Data shown:
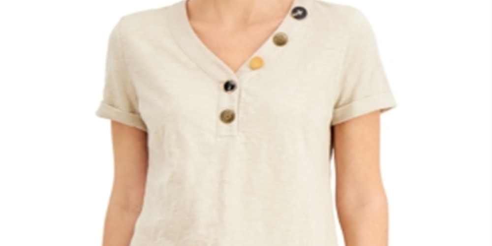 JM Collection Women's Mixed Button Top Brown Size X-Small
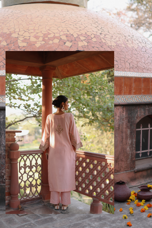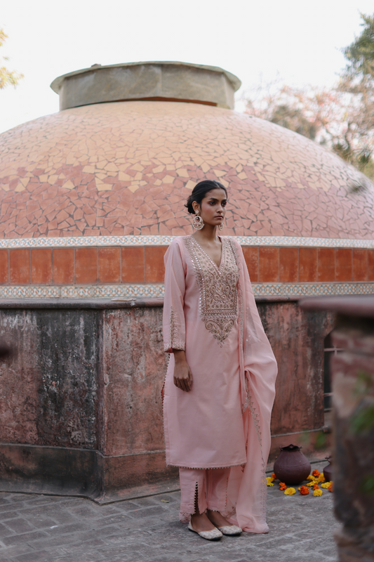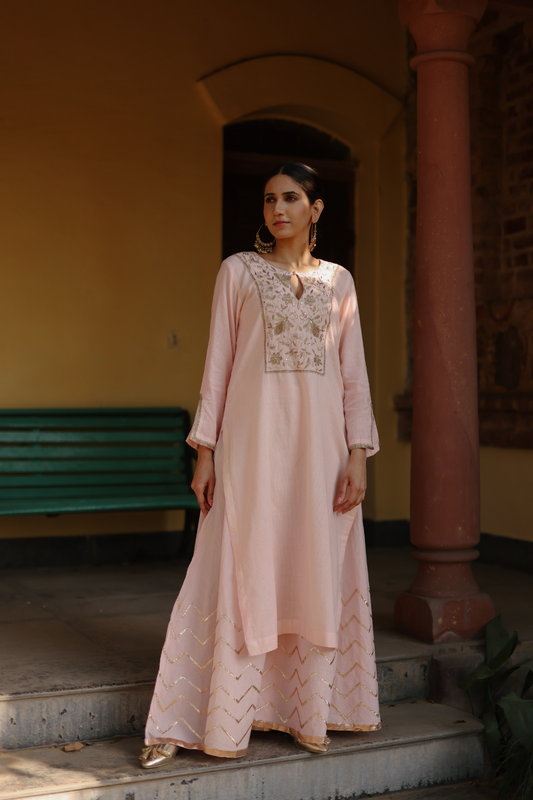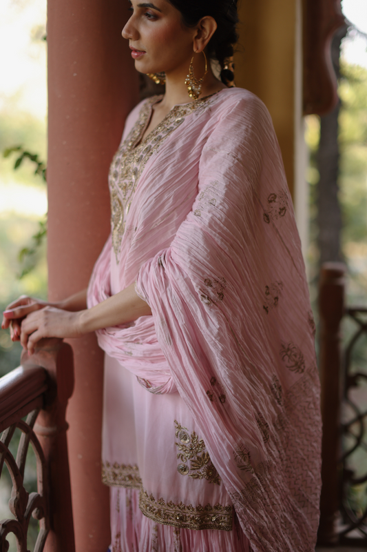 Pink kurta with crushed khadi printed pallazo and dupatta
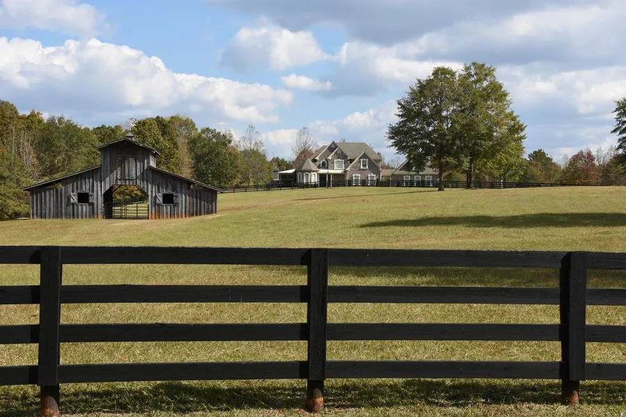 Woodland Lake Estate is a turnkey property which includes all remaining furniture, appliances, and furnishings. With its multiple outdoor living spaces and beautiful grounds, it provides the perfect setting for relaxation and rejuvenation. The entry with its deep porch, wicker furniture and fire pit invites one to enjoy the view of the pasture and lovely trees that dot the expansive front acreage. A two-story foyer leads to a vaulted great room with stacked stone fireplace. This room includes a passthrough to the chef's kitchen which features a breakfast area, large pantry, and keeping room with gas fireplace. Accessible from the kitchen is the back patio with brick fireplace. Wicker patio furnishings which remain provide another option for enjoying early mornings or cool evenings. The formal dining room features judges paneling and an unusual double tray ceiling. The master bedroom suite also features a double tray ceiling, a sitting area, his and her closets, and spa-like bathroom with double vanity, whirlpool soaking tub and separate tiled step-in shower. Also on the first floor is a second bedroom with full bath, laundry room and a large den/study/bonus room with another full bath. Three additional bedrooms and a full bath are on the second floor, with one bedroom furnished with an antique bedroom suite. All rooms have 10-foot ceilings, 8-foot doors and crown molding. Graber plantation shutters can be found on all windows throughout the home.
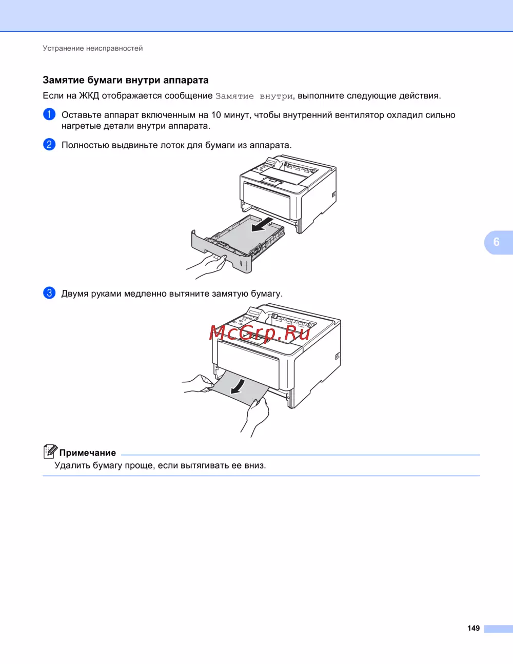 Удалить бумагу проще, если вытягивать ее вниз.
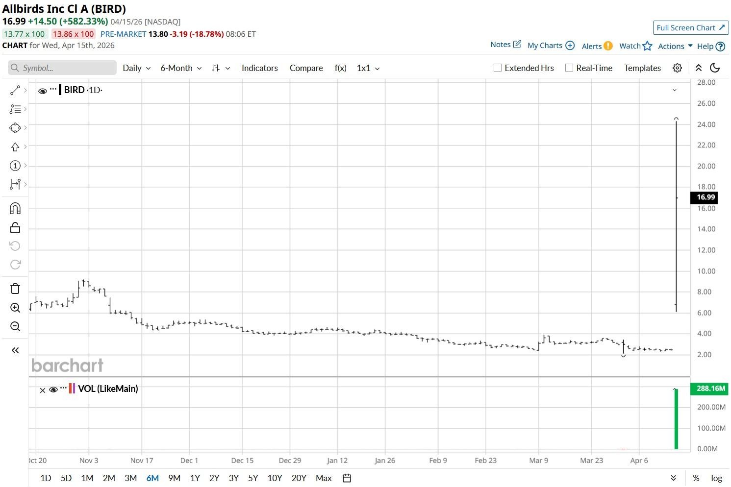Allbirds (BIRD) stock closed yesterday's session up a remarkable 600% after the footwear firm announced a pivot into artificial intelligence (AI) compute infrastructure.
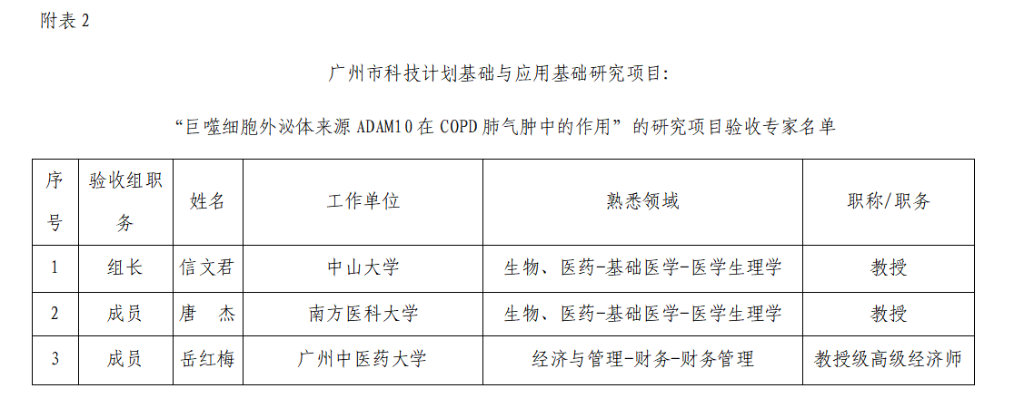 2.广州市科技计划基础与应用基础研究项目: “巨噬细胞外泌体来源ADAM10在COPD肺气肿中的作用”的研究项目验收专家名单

Work order:
All of the listing above has to be reproduced exactly, though without its images.

Task answer:
 JM Collection Women's Mixed Button Top Brown Size X-Small
 Pink kurta with crushed khadi printed pallazo and dupatta
 Woodland Lake Estate is a turnkey property which includes all remaining furniture, appliances, and furnishings. With its multiple outdoor living spaces and beautiful grounds, it provides the perfect setting for relaxation and rejuvenation. The entry with its deep porch, wicker furniture and fire pit invites one to enjoy the view of the pasture and lovely trees that dot the expansive front acreage. A two-story foyer leads to a vaulted great room with stacked stone fireplace. This room includes a passthrough to the chef's kitchen which features a breakfast area, large pantry, and keeping room with gas fireplace. Accessible from the kitchen is the back patio with brick fireplace. Wicker patio furnishings which remain provide another option for enjoying early mornings or cool evenings. The formal dining room features judges paneling and an unusual double tray ceiling. The master bedroom suite also features a double tray ceiling, a sitting area, his and her closets, and spa-like bathroom with double vanity, whirlpool soaking tub and separate tiled step-in shower. Also on the first floor is a second bedroom with full bath, laundry room and a large den/study/bonus room with another full bath. Three additional bedrooms and a full bath are on the second floor, with one bedroom furnished with an antique bedroom suite. All rooms have 10-foot ceilings, 8-foot doors and crown molding. Graber plantation shutters can be found on all windows throughout the home.
 Удалить бумагу проще, если вытягивать ее вниз.
Allbirds (BIRD) stock closed yesterday's session up a remarkable 600% after the footwear firm announced a pivot into artificial intelligence (AI) compute infrastructure.
 2.广州市科技计划基础与应用基础研究项目: “巨噬细胞外泌体来源ADAM10在COPD肺气肿中的作用”的研究项目验收专家名单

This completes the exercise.